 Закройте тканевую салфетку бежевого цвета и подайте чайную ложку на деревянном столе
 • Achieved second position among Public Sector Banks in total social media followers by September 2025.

--

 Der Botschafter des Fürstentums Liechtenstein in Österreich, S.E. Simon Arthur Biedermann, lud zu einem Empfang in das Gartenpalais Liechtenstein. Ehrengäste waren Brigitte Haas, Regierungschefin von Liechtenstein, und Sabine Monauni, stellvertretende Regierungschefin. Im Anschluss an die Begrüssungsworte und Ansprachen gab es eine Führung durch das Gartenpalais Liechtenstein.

Action item:
In the listing above, find the line containing "Закройте тканевую салфетку" and the line containing "by September 2025.", then quote both, plus every line between them, exactly as written.

Problem solution:
 Закройте тканевую салфетку бежевого цвета и подайте чайную ложку на деревянном столе
 • Achieved second position among Public Sector Banks in total social media followers by September 2025.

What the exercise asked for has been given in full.